Raw data ::
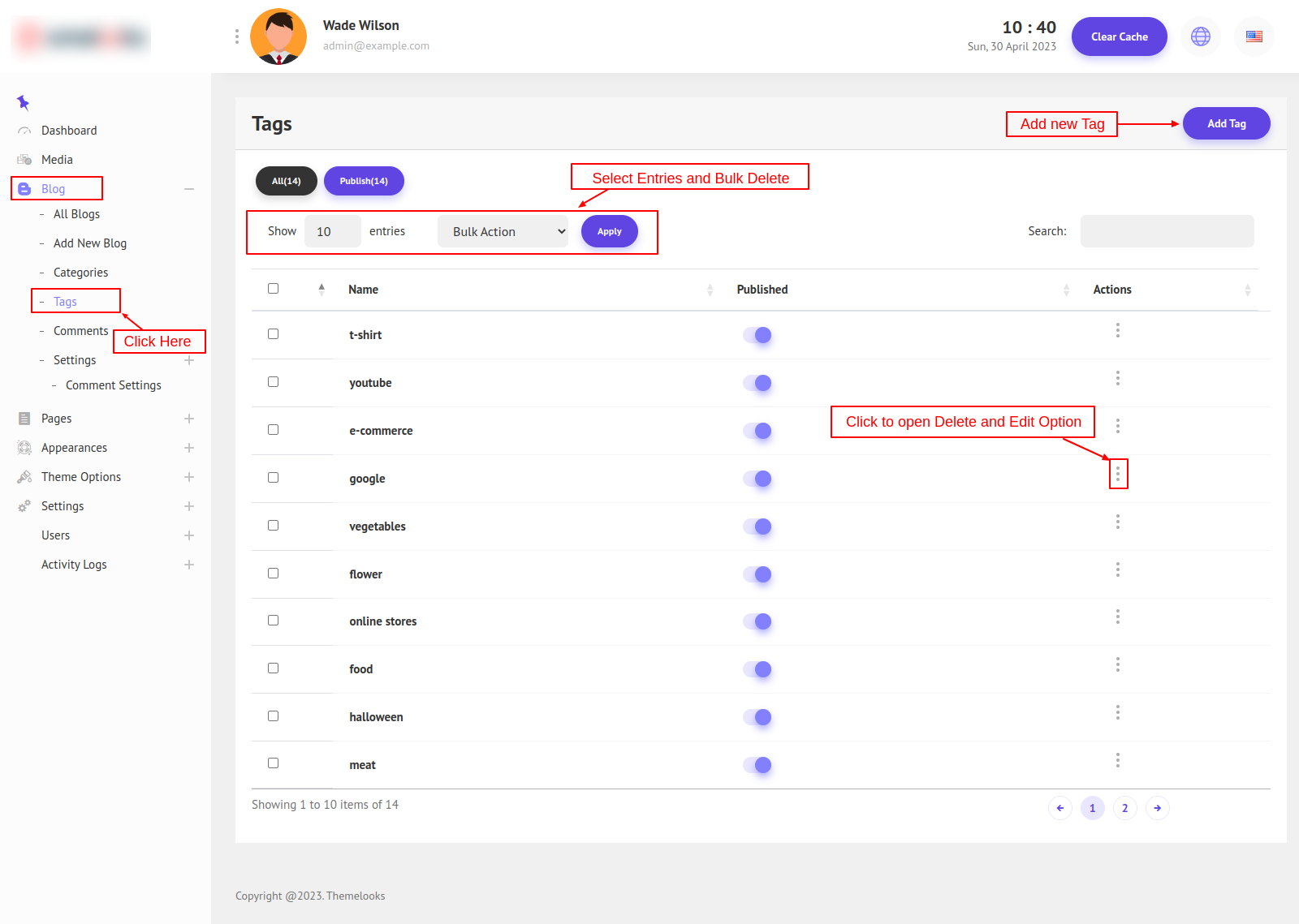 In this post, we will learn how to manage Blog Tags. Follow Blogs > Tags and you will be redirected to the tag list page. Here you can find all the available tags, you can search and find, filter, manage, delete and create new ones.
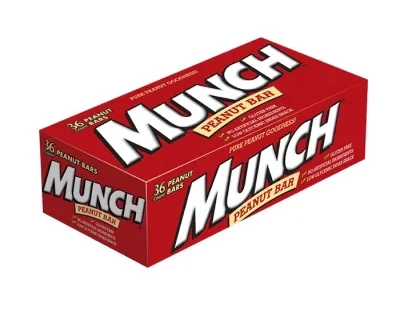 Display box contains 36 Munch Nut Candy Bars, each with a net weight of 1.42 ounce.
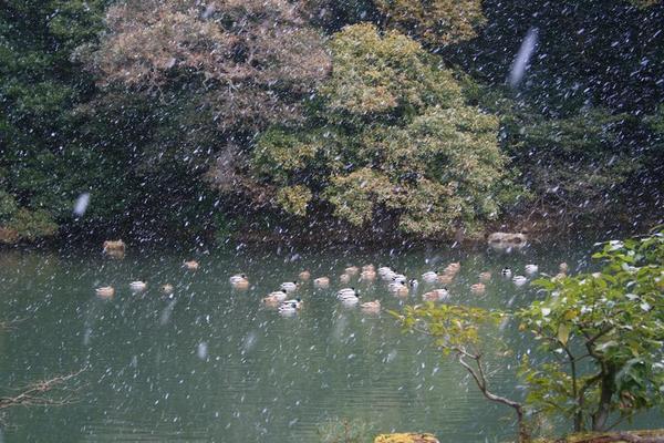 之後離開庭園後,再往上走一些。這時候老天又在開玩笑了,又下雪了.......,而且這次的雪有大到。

Task prompt :: Pictures stay out of the copy; print the material above exactly.

Response for this exercise ::
 In this post, we will learn how to manage Blog Tags. Follow Blogs > Tags and you will be redirected to the tag list page. Here you can find all the available tags, you can search and find, filter, manage, delete and create new ones.
 Display box contains 36 Munch Nut Candy Bars, each with a net weight of 1.42 ounce.
 之後離開庭園後,再往上走一些。這時候老天又在開玩笑了,又下雪了.......,而且這次的雪有大到。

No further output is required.